Friday, October 25, 2013

Inclusion of Air Pressure Effects for Super Large Gravity Balloons

Although impractically huge, the math of a gravity balloon changes a great deal when they get beyond a certain size, in large part due to the pressure of the air itself.  There are quite a few related discussions that stem from this.  On Earth, for instance, we need our large gravity well to hold in air, but it's not so much because the upper atmosphere extends to escape-able distances at thermal velocities - far from it.  In terms of sheer value of density, our atmosphere is basically gone when you reach 40 km.

That altitude represents a Delta V value (the speed you would accelerate to if you fell that height in a vacuum) of 0.6 km/s, whereas the escape velocity for Earth itself is around 11 km/s.  The role our gravity-well plays is, instead, to fight against the "boiling" off our our upper atmosphere by higher energy particles from the sun and the cosmos.

To put this in different terms, if you wanted to blanket the Earth in a sheet to hold in its atmosphere, that sheet wouldn't need to be very thick.  A simple mathematical treatment of this is to say that the pressure drops off exponentially.  You need a constant to use in that equation, which is simple, and given by this reference to be 7 km.  You can very easily see that at 40 km, you're left with less than 1% of the air pressure, according to [P = P0 exp(- h/h0 )].

One might correctly notice that this has implications for a gravity balloon.  This raises the possibility of a super large type of gravity balloon, which perhaps looks more like a gas giant planet than a space station.  Formalize the problem by requiring a habitable pressure in the center.  Then that pressure decreases as you move away from the center.  There are a few possible non-ideal consequences of this, which are quite interesting from a physics standpoint.  Most obvious, the outer regions might not be entirely habitable due to a low barometric pressure.  This would only happen for extremely large sizes, and represents the ultimate upper limit.  Second, you forfeit the zero-gravity environment for a large part of the volume.  While the outer regions aren't zero gravity, they can still be very low gravity.  Going from 1 atmosphere of pressure to near-zero pressure requires a certain potential difference, but unlike Earth, that difference may be spread over a large difference for a super large gravity balloon, resulting is a very low field at any point.  It's possible that any residual gravitational field could be counteracted by wind turbines which have relatively low energy requirements.
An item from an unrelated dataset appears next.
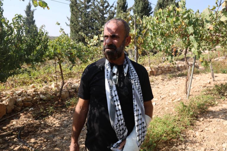 Mahmoud recounts: “One night, settlers attacked my land and destroyed dozens of olive and grape trees, around 50 to 60 trees. For me, this was not just the destruction of trees, but the destruction of many years of work and effort. An olive tree takes years to grow and produce, and a farmer cares for it like his own children.

The world I am describing comes awfully close to the conception of the Virga world.  Coincidentally, they just came out with a new comic series set in the Virga world, which I hope to write more about later.  In addition to the changing pressures, this world has convection currents (which might be physically accurate).  The author also goes on to write in a great deal of politics and dynamics to this world, which is tangential to this blog.

I have noted (as have others) that the Virga world doesn't need to have a wall of carbon nanotubes, but I haven't given very detailed consideration to how thick the walls might need to be, or even if these walls would be stable.  Wall thickness is, after all, a function of the pressure near those walls.  The technical guidance we have for Virga is that it is 5,000 miles in diameter.  I don't think we are given a pressure at any point inside this, but I will happily assume 1 Earth atmosphere in the center.

The Mathematical System

Governing equations are straightforward, but I found them deceptively subtle to get correct.  There are number of components, so I'll outline them in a list.  The goal here is to obtain a set of 2 differential equations that describe the atmosphere pressure and gravitational field within this structure as a function of the radius.  In order to get there, we have to formalize several physics equations.

Technical steps:
  1. I used the ideal gas assumption and constant temperature.  This relates pressure and density in a linear relationship.  Use the specific gas constant to write this explicitly.
  2. Mass is taken to be a function of radius, and includes all air mass below that radius.  This is then related to the field, making use of the shell theorem.
  3. Change in mass for a differential increase in radius is the sphere surface at that radius times the air density at that radius.  This is a geometrical statement.  Additionally, density is replaced with pressure from the ideal gas equation.
  4. Initial conditions are obvious.  The gravitational field is zero at the center, and this formalization specifies the pressure at the center to be the habitable goal.
  5. The differential equation for mass is then changed to be in terms of gravitational field, which comes from making a substitution from the shell theorem.  Some algebra is done, using the chain rule of calculus, and then rearranged.
  6. Pressure falls according to the density of air and the gravitational field, in the same way that Earth's atmosphere does, which I outlined in the introduction here.  This is written in a form usable as a differential equation.
For such a large volume, transport of heat out from the center to the outer regions becomes non-trivial.  This makes the assumption of constant temperature a little dubious.  We would probably expect some falling temperature with radius.  This is still pure presumption as to how this thing would actually be built, so I'll keep T constant for now.  The equations are complicated enough as they are.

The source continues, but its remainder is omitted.